超参数优化

hyper_parameter_optimizer.py 示例脚本展示了超参数优化（HPO），这是通过使用ClearML自动化的。

设置优化搜索策略

优化需要一个搜索策略，以及一个搜索策略优化器类来实现该策略。

可以使用以下搜索策略：

Optuna 超参数优化 - automation.optuna.OptimizerOptuna。有关 Optuna 的更多信息，请参阅 Optuna 文档。
BOHB - automation.hpbandster.OptimizerBOHB.

BOHB通过将Hyperband搜索的速度与贝叶斯优化的指导和收敛保证相结合，在大规模上执行稳健且高效的超参数优化。

ClearML 使用 HpBandSter 的 bohb.py 实现了 BOHB 自动化。有关 HpBandSter BOHB 的更多信息，请参阅 HpBandSter 文档。
超参数策略的随机均匀采样 - automation.RandomSearch
每个超参数组合的完整网格采样策略 - automation.GridSearch。
自定义 - 使用自定义类并从ClearML自动化基础策略类继承，SearchStrategy

选择的搜索策略类将稍后传递给automation.HyperParameterOptimizer对象。

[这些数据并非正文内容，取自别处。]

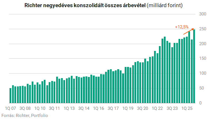 Az október-decemberi negyedévet 248,8 milliárd forintos bevétellel zárta a Richter, ami 12,5 százalékos növekedés az előző év azonos időszakához képest.

示例代码尝试导入OptimizerOptuna作为搜索策略。如果未安装clearml.automation.optuna，则尝试导入OptimizerBOHB。如果未安装clearml.automation.hpbandster，则使用RandomSearch作为搜索策略。

try:
    from clearml.automation.optuna import OptimizerOptuna  # noqa
    aSearchStrategy = OptimizerOptuna
except ImportError as ex:
    try:
        from clearml.automation.hpbandster import OptimizerBOHB  # noqa
        aSearchStrategy = OptimizerBOHB
    except ImportError as ex:
        logging.getLogger().warning(
            'Apologies, it seems you do not have \'optuna\' or \'hpbandster\' installed, '
            'we will be using RandomSearch strategy instead')
        aSearchStrategy = RandomSearch

定义一个回调函数

当优化开始时，会提供一个回调函数，返回表现最佳的超参数集。在脚本中，job_complete_callback 函数返回 top_performance_job_id 的 ID。

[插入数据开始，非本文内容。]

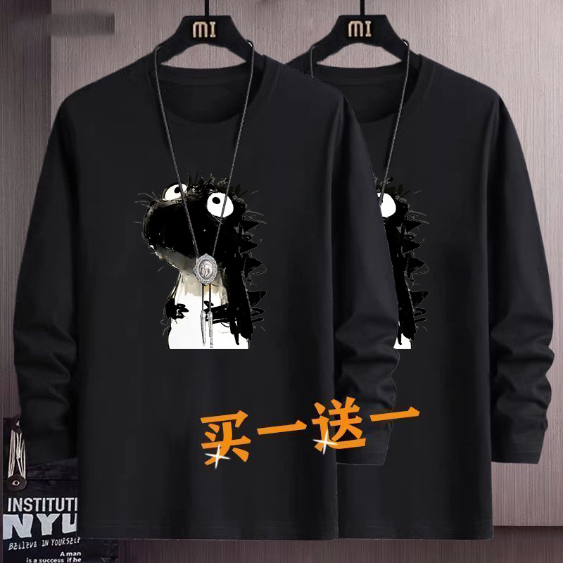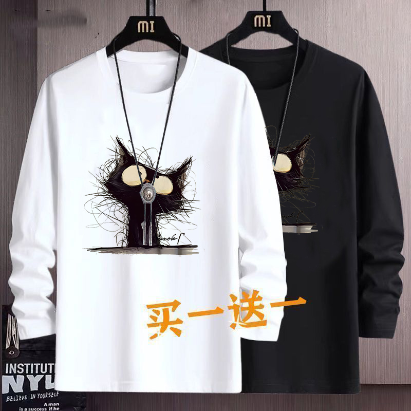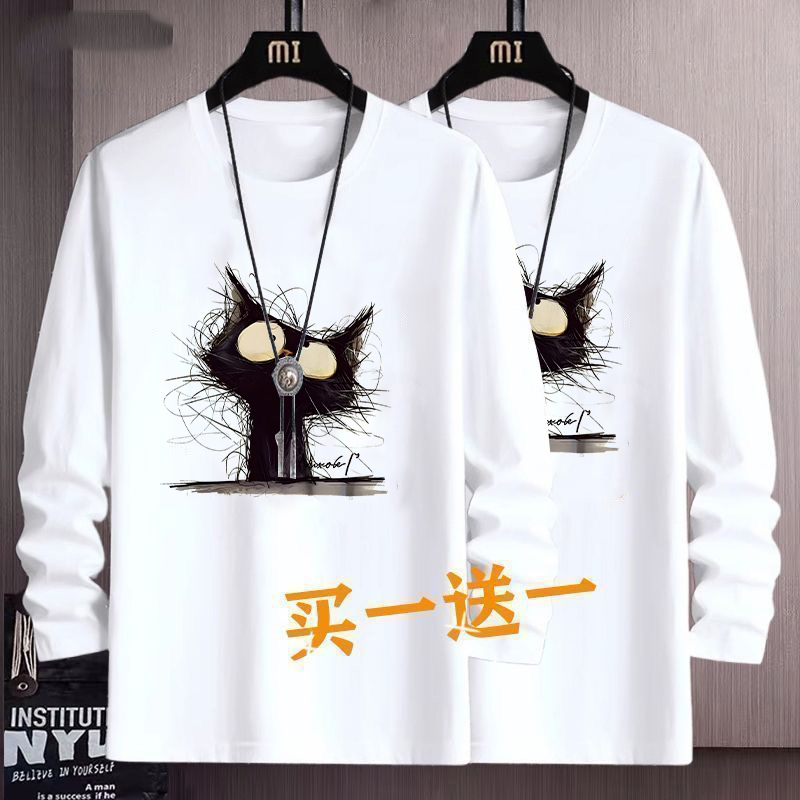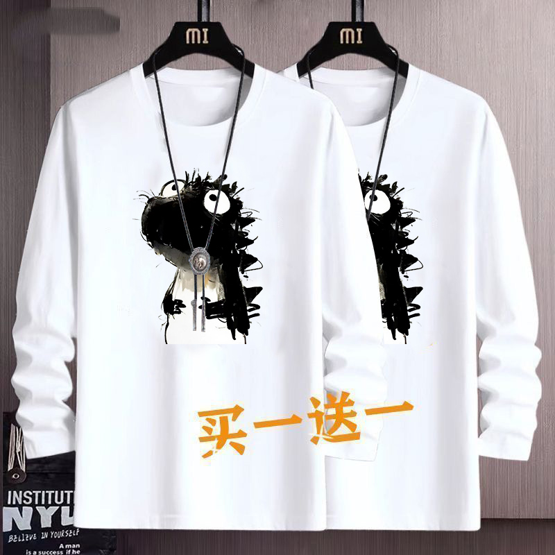 情侣春秋内搭打底衫 纯棉长袖 韩版 印花港风潮流宽松大码 潮 T恤男士

def job_complete_callback(
    job_id,                 # type: str
    objective_value,        # type: float
    objective_iteration,    # type: int
    job_parameters,         # type: dict
    top_performance_job_id  # type: str
):
    print('Job completed!', job_id, objective_value, objective_iteration, job_parameters)
    if job_id == top_performance_job_id:
        print('WOOT WOOT we broke the record! Objective reached {}'.format(objective_value))

初始化优化任务

初始化任务，当代码运行时，该任务将被存储在ClearML服务器中。代码至少运行一次后，它可以被复现和调优。

将任务类型设置为optimizer，并在每次优化器运行时创建一个新的实验（和任务对象）（reuse_last_task_id=False）。

当代码运行时，它会在超参数优化项目中创建一个名为自动超参数优化的实验，该实验可以在ClearML Web UI中查看。

# Connecting CLEARML
task = Task.init(
   project_name='Hyper-Parameter Optimization',
   task_name='Automatic Hyper-Parameter Optimization',
   task_type=Task.TaskTypes.optimizer,
   reuse_last_task_id=False
)

设置参数

创建一个包含要优化的任务ID的参数字典，以及一个布尔值，指示优化器是否将作为服务运行，请参阅作为服务运行。

在这个例子中，一个名为Keras HP optimization base的实验正在进行优化。该实验必须至少运行一次，以便它存储在ClearML服务器中，因此可以被克隆。

由于参数字典与任务相关联，代码运行一次后，可以更改template_task_id以优化不同的实验。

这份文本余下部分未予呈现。